To do: A faithful copy is required. Print each line of the data exactly and omit the pictures.

======== Data section ========

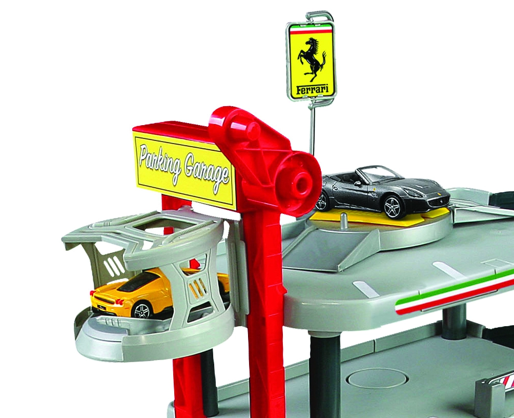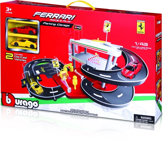- Rijke uitrusting: meerdere parkeerlagen, markeringen, accessoires en 2 metalen FERRARI’s 1:43.
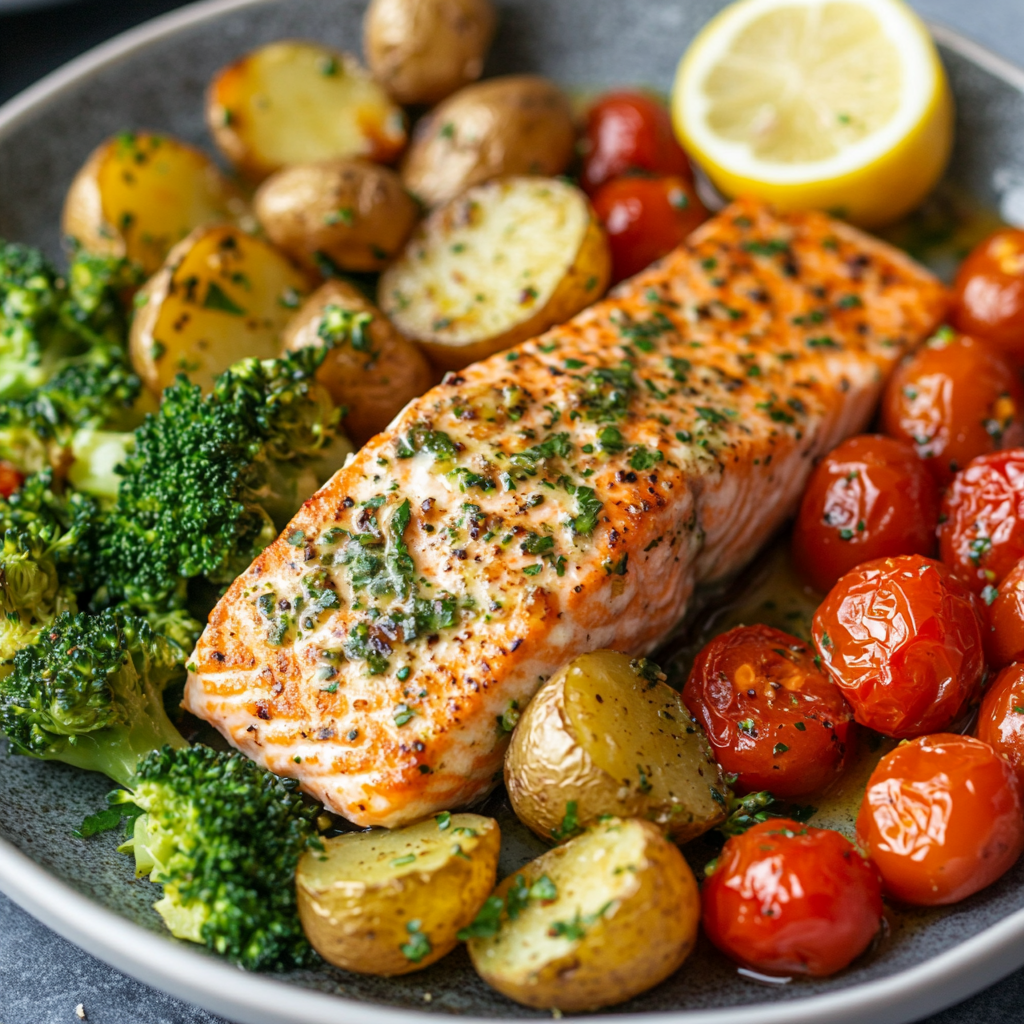 How to Perfect Garlic Butter Salmon with Roasted Veggies & Baby Potatoes
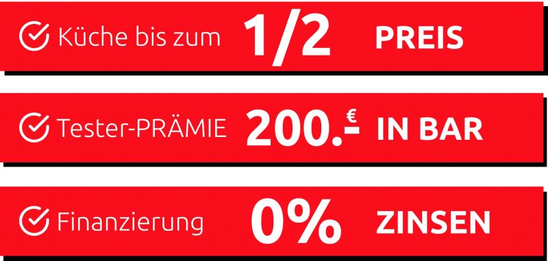 Das Einzige, was Sie bis 2 Wochen nach Lieferung Ihrer neuen Traumküche tun müssen, ist einen kurzen Fragebogen auszufüllen. Als Dankeschön erhalten Sie einzigartige Vorteile: Ihre neue Küche bis zum 1/2 Preis1), 200,- Euro Tester-Prämie in bar1) und auf Wunsch unsere kostenlose Finanzierungsmöglichkeit2). Außerdem profitieren Sie als Tester zusätzlich von…
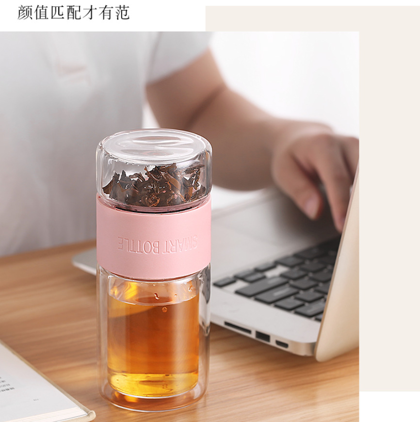 汎用高颜値二重茶水分離カップ高ホウ素シリコンカップ断熱耐高温卸売りギフトカップ

========

Written answer:
- Rijke uitrusting: meerdere parkeerlagen, markeringen, accessoires en 2 metalen FERRARI’s 1:43.
 How to Perfect Garlic Butter Salmon with Roasted Veggies & Baby Potatoes
 Das Einzige, was Sie bis 2 Wochen nach Lieferung Ihrer neuen Traumküche tun müssen, ist einen kurzen Fragebogen auszufüllen. Als Dankeschön erhalten Sie einzigartige Vorteile: Ihre neue Küche bis zum 1/2 Preis1), 200,- Euro Tester-Prämie in bar1) und auf Wunsch unsere kostenlose Finanzierungsmöglichkeit2). Außerdem profitieren Sie als Tester zusätzlich von…
 汎用高颜値二重茶水分離カップ高ホウ素シリコンカップ断熱耐高温卸売りギフトカップ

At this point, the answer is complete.